Aim of the task:
Once the line holding "苗栗白沙屯拱天宮徒步進香一日" is written out, stop; begin at the first line of the material below and retype exactly, dropping pictures.

Provided data:

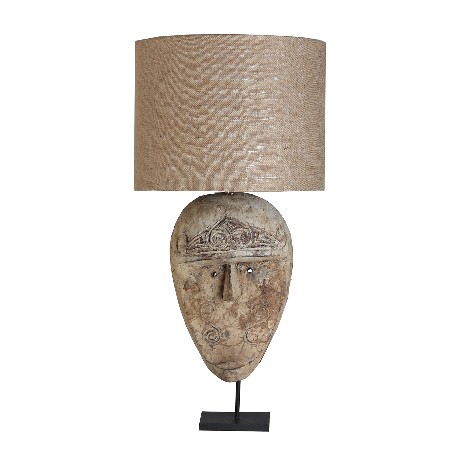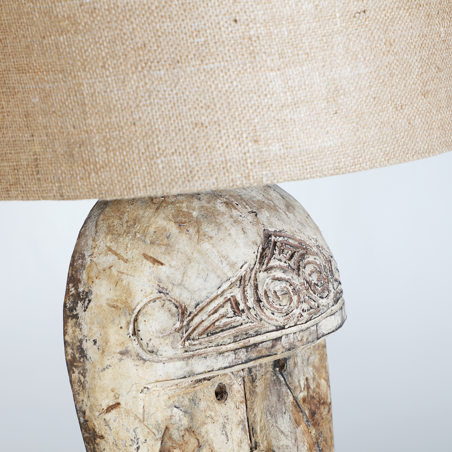LÁMPARA DE SOBREMESA, EN COLOR NATURAL ENVEJECIDO, DE ESTILO ÉTNICO. FABRICADO EN MADERA TROPICAL, COMBINADO CON YUTE.
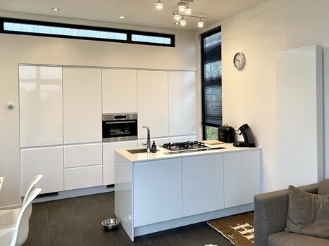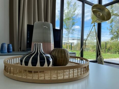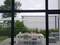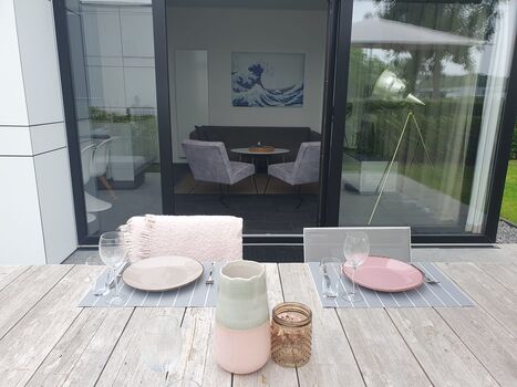 Die großen Fenster im Wohnraum bieten einen herrlichen Blick in den Garten mit Terrasse und über Seegras hinweg bis zum Deich. Das große Schiebetürelement ermöglicht einen direkten Zugang von Wohnbereich zur Terrasse. Auf der Terrasse (oder im gesonderten Abstellhäusschen) stehen bequeme Acapulco-Sessel sowie ein moderner und großer Design-Outdoor-Esstisch mit Teak-Holz-Flächen inkl. sechs bequemer Stühle. Die Terrasse geht über die gesamte Länge des Hauses.
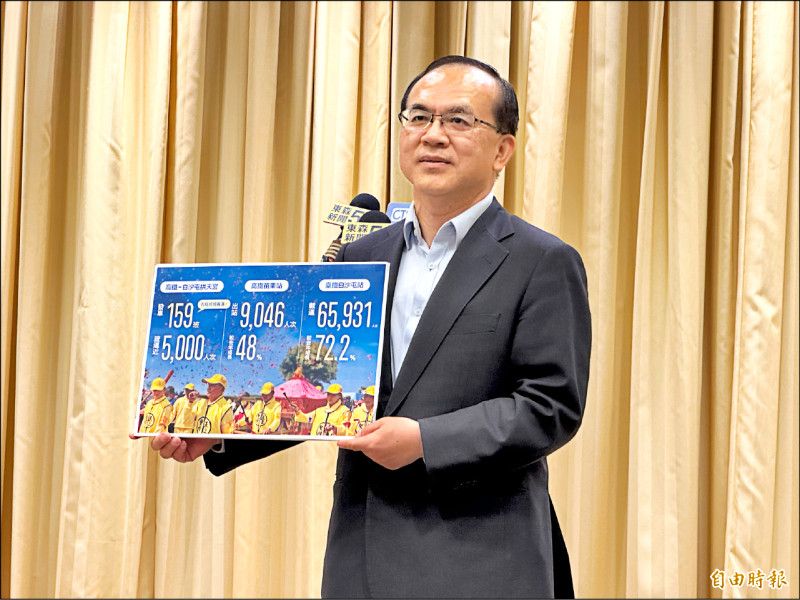 苗栗白沙屯拱天宮徒步進香一日深夜啟程,交通部啟動跨運具聯防,政務次長陳彥伯表示,進香首日雙鐵疏運七.五萬人次,較去年成長六十九%,顯示信徒踴躍搭乘公共運輸;公路局協調客運加開臨時路線「高鐵至白沙屯拱天宮」,發車一五九班、載運近五千人次。
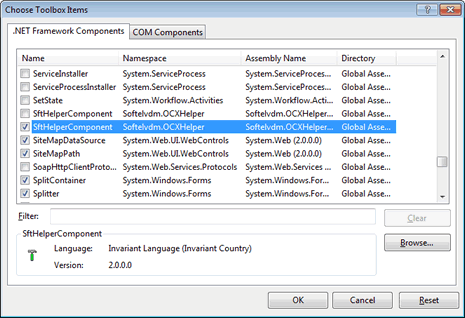 This will return you to the Choose Toolbox Items dialog which now shows the newly added assembly.
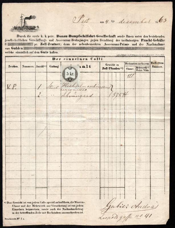 Leírás: 1863 Vác- Pest DDSG fuvarlevél hajó bélyegzővel / DDSG bill of freight.

Response area:
LÁMPARA DE SOBREMESA, EN COLOR NATURAL ENVEJECIDO, DE ESTILO ÉTNICO. FABRICADO EN MADERA TROPICAL, COMBINADO CON YUTE.
 Die großen Fenster im Wohnraum bieten einen herrlichen Blick in den Garten mit Terrasse und über Seegras hinweg bis zum Deich. Das große Schiebetürelement ermöglicht einen direkten Zugang von Wohnbereich zur Terrasse. Auf der Terrasse (oder im gesonderten Abstellhäusschen) stehen bequeme Acapulco-Sessel sowie ein moderner und großer Design-Outdoor-Esstisch mit Teak-Holz-Flächen inkl. sechs bequemer Stühle. Die Terrasse geht über die gesamte Länge des Hauses.
 苗栗白沙屯拱天宮徒步進香一日深夜啟程,交通部啟動跨運具聯防,政務次長陳彥伯表示,進香首日雙鐵疏運七.五萬人次,較去年成長六十九%,顯示信徒踴躍搭乘公共運輸;公路局協調客運加開臨時路線「高鐵至白沙屯拱天宮」,發車一五九班、載運近五千人次。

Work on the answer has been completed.